To set up the cron job, I did the following on FB1:
- crontab -e opened up the crontab
- Copied over a script called "wiper.cron" from /opt/rtcds/caltech/c1/target/fb to /opt/rtcds/caltech/c1/target/daqd. This essentially contains a bunch of instructions to run the wiper script with the --delete flag, and write the console output to a log file.
- Added the following line: 33 3 * * * /opt/rtcds/caltech/c1/target/daqd/wiper.cron.

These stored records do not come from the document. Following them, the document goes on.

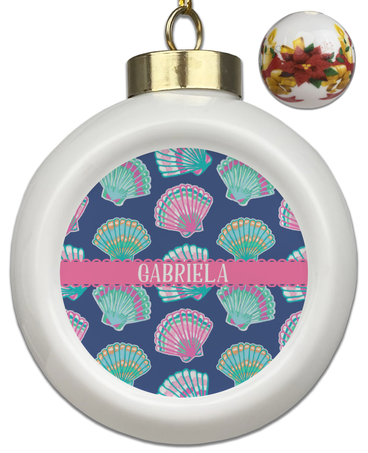 Coastal / Beach Style Designs for Ceramic Ball Ornaments - Poinsettia Garland
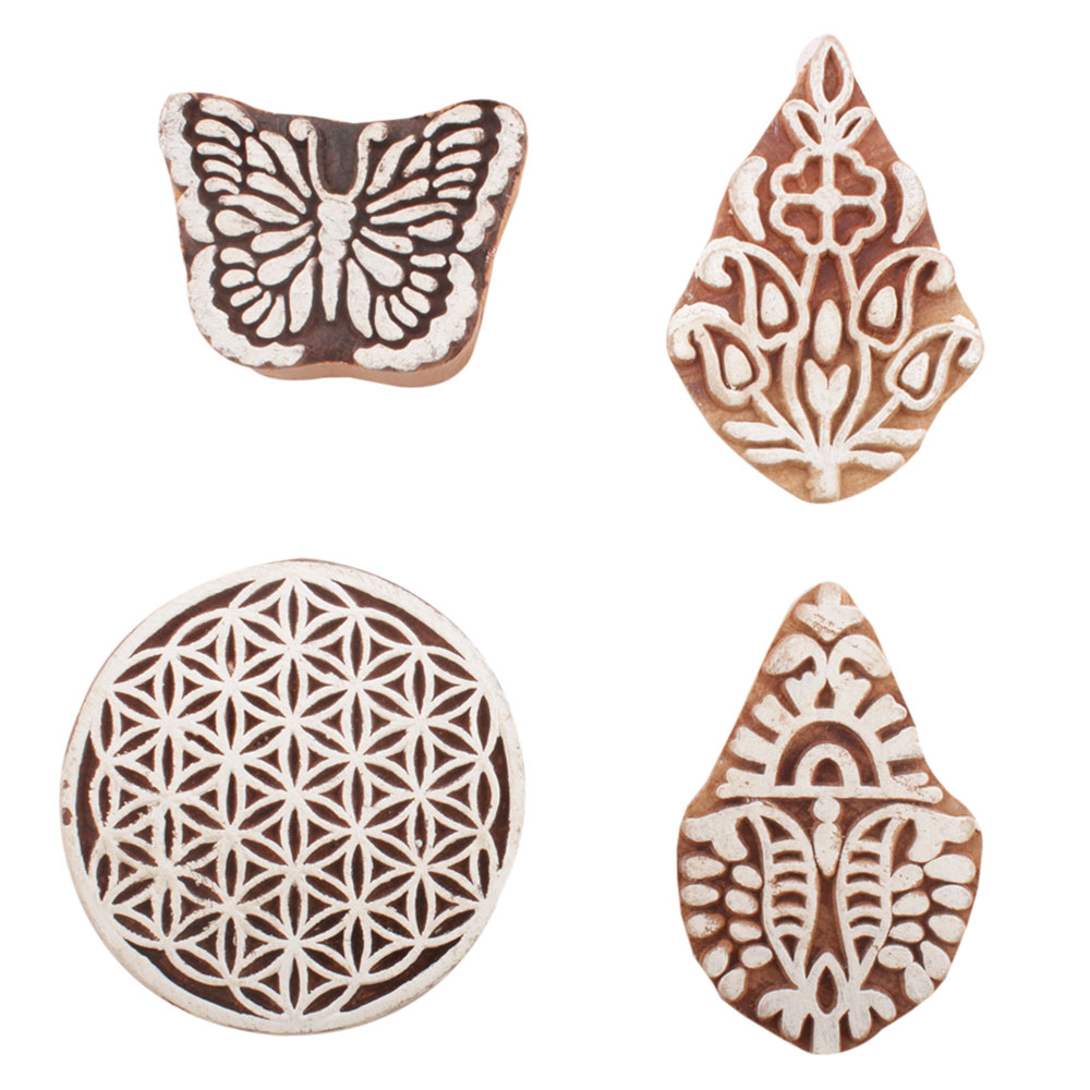Set of 4 Piece New Mix Wooden Printing Block. Ideal for use on Fabric, Paper, Canvas, etc. These Blocks can be use to Print with Oil Colors, Fabric Colors, Water Colors, Acrylic Colors and Vegetable Colors.
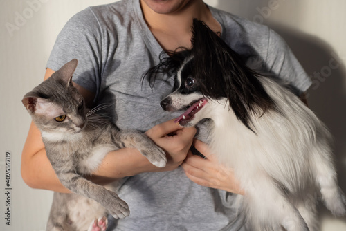 A dog and a cat are fighting in the hands of a young female owner. Papillon and Brush Sphinx are playing
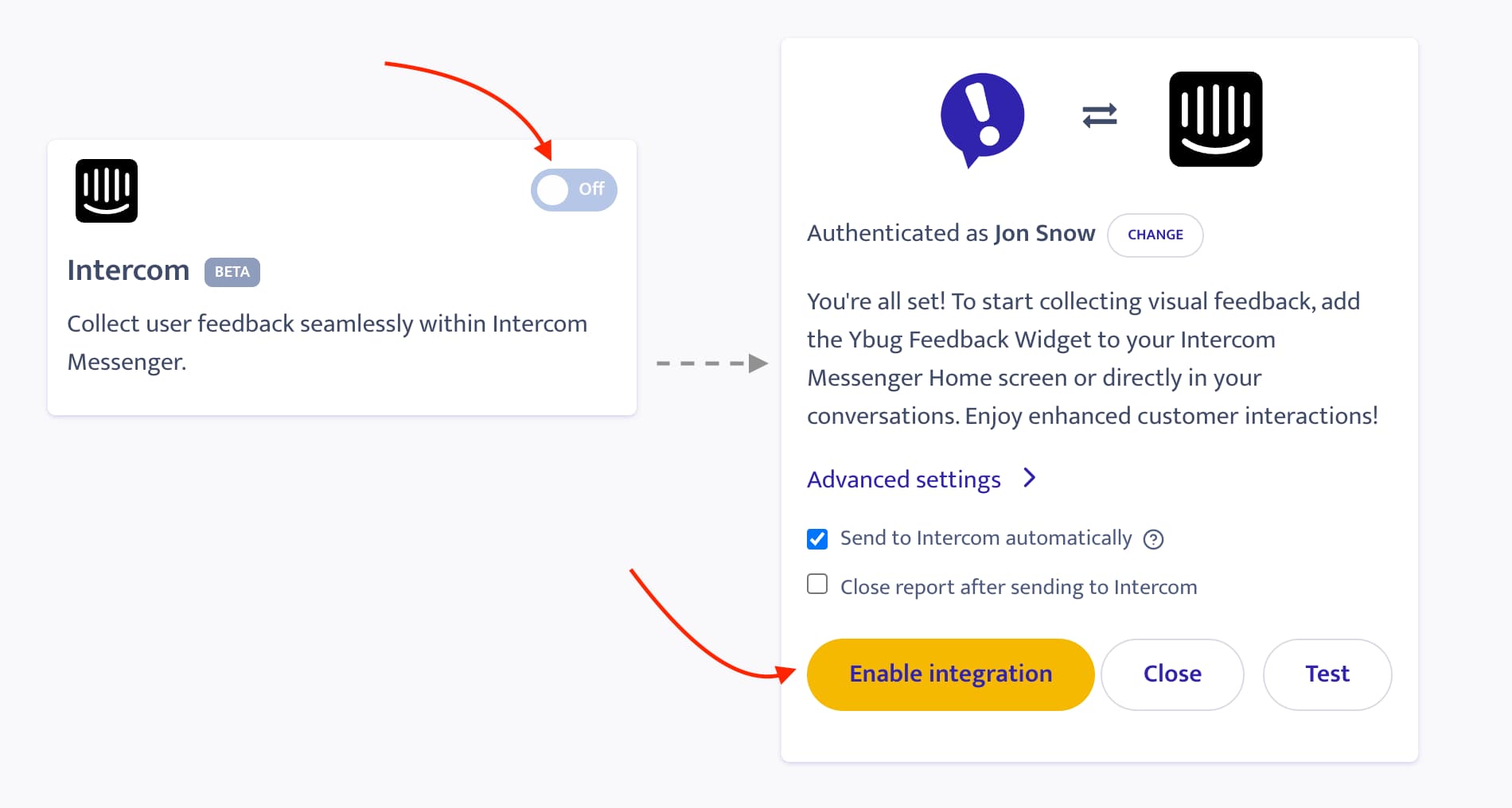 Navigate to your project settings in Ybug. Enable the Intercom integration for the selected project and authorize Ybug Feedback Widget to access your Intercom account. If you installed our app directly from Intercom Marketplace, you can just select a connection from a list of available Intercom connections.

So the cron job should be executed at 3:33AM everyday.
- The cron daemon seems to be running - sudo systemctl status cron.service yields the following output:
controls@fb1:~ 0$ sudo systemctl status cron.service
● cron.service - Regular background program processing daemon
Loaded: loaded (/lib/systemd/system/cron.service; enabled)
Active: active (running) since Mon 2017-09-18 18:16:58 PDT; 27min ago
Docs: man:cron(8)
Main PID: 30183 (cron)
CGroup: /system.slice/cron.service
└─30183 /usr/sbin/cron -f
Sep 18 18:16:58 fb1 cron[30183]: (CRON) INFO (Skipping @reboot jobs -- not system startup)
Sep 18 18:17:01 fb1 CRON[30205]: pam_unix(cron:session): session opened for user root by (uid=0)
Sep 18 18:17:01 fb1 CRON[30206]: (root) CMD ( cd / && run-parts --report /etc/cron.hourly)
Sep 18 18:17:01 fb1 CRON[30205]: pam_unix(cron:session): session closed for user root
Sep 18 18:25:01 fb1 CRON[30820]: pam_unix(cron:session): session opened for user root by (uid=0)
Sep 18 18:25:01 fb1 CRON[30821]: (root) CMD (command -v debian-sa1 > /dev/null && debian-sa1 1 1)
Sep 18 18:25:01 fb1 CRON[30820]: pam_unix(cron:session): session closed for user root
Sep 18 18:35:01 fb1 CRON[31515]: pam_unix(cron:session): session opened for user root by (uid=0)
Sep 18 18:35:01 fb1 CRON[31516]: (root) CMD (command -v debian-sa1 > /dev/null && debian-sa1 1 1)
Sep 18 18:35:01 fb1 CRON[31515]: pam_unix(cron:session): session closed for user root
- crontab -l on FB1 now shows the following:
controls@fb1:~ 0$ crontab -l
# Edit this file to introduce tasks to be run by cron.
#
# Each task to run has to be defined through a single line
# indicating with different fields when the task will be run
# and what command to run for the task
#
# To define the time you can provide concrete values for
# minute (m), hour (h), day of month (dom), month (mon),
# and day of week (dow) or use '*' in these fields (for 'any').#
# Notice that tasks will be started based on the cron's system
# daemon's notion of time and timezones.
#
# Output of the crontab jobs (including errors) is sent through
# email to the user the crontab file belongs to (unless redirected).
#
# For example, you can run a backup of all your user accounts
# at 5 a.m every week with:
# 0 5 * * 1 tar -zcf /var/backups/home.tgz /home/
#
# For more information see the manual pages of crontab(5) and cron(8)
#
# m h dom mon dow command
33 3 * * * /opt/rtcds/caltech/c1/target/daqd/wiper.cron
Let's see if this works.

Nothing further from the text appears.